APIA Leichhardt finished first on the ladder with 37 points, to become regular season premiers for the third time after winning their first in 1964. St George-Budapest and South Sydney-Croatia finished in second and third places with 31 and 27 points respectively. Pan Hellenic secured fourth place and a spot in the finals series, edging out Hakoah-Eastern Suburbs on goal difference.

The finals series was held throughout September with APIA Leichhardt and St George-Budapest qualifying for the grand final as the top two teams of the round robin stage.

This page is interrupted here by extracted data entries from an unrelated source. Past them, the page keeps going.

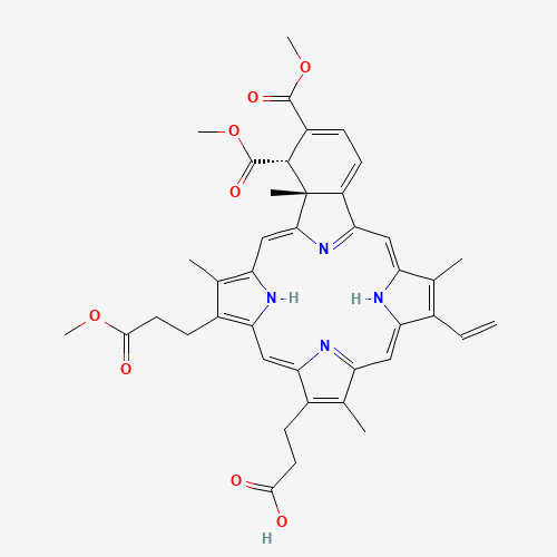 - Synonyms:18-ethenyl-4,4a-dihydro-3,4-bis(methoxycarbonyl)-4a,8,14,19-tetramethyl-23H,25H-benzo(b)porphine-9,13-dipropanoic acid monomethyl ester;benzoporphyrin derivative monoacid ring A;BPD verteporfin;BPD-MA;verteporfin;verteporphin;Visudyne
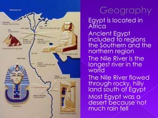 Egypt is located in Africa and contains two regions - Southern Egypt and Northern Egypt. The longest river in the world, the Nile River, flows through Egypt from South to North through generally rocky, hilly, and desert terrain with little rainfall. Ancient Egypt developed along the Nile River and was divided into three main historical periods - the Old Kingdom, Middle Kingdom, and New Kingdom.
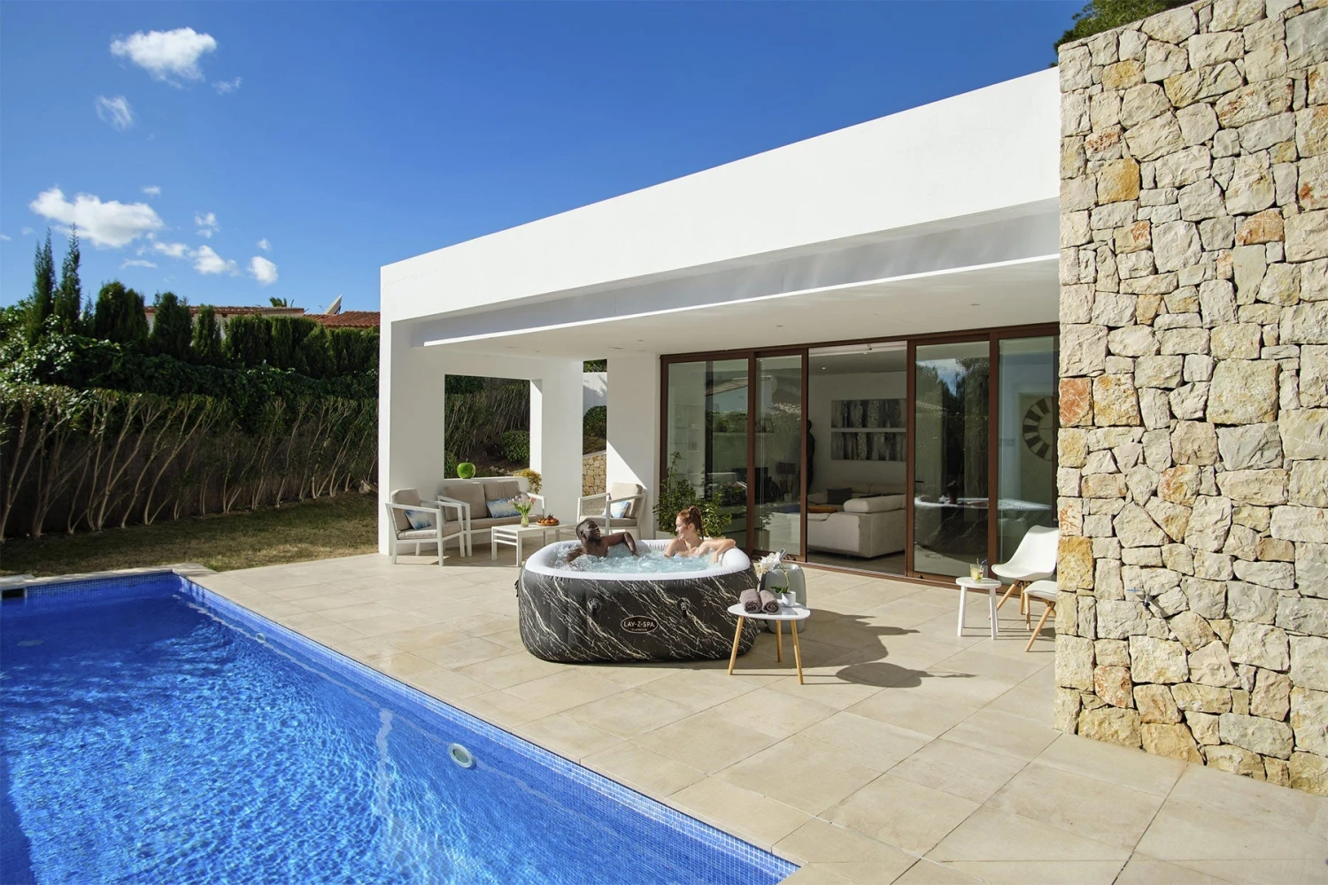 Indulge in stylish relaxation, immerse yourself in colourful illumination and experience positive health & wellbeing benefits with the Lay-Z-Spa Florence Luxe AirJet™, a unique inflatable hot tub for up to 6 people. ///

St George won the grand final 5–2.

The pre-season Ampol Cup was also won by St George-Budapest, defeating Hakoah-Eastern Suburbs 2–0.

== Clubs ==
Changes from last season:
- The division was expanded to a twelve-team league format.
- Corinthian BESC were relegated to NSW Second Division after one season back in the top league.
- Canterbury, Melita Eagles (via play-offs) and Polonia-North Side (Division 2 premiers) were all granted entry to the top division.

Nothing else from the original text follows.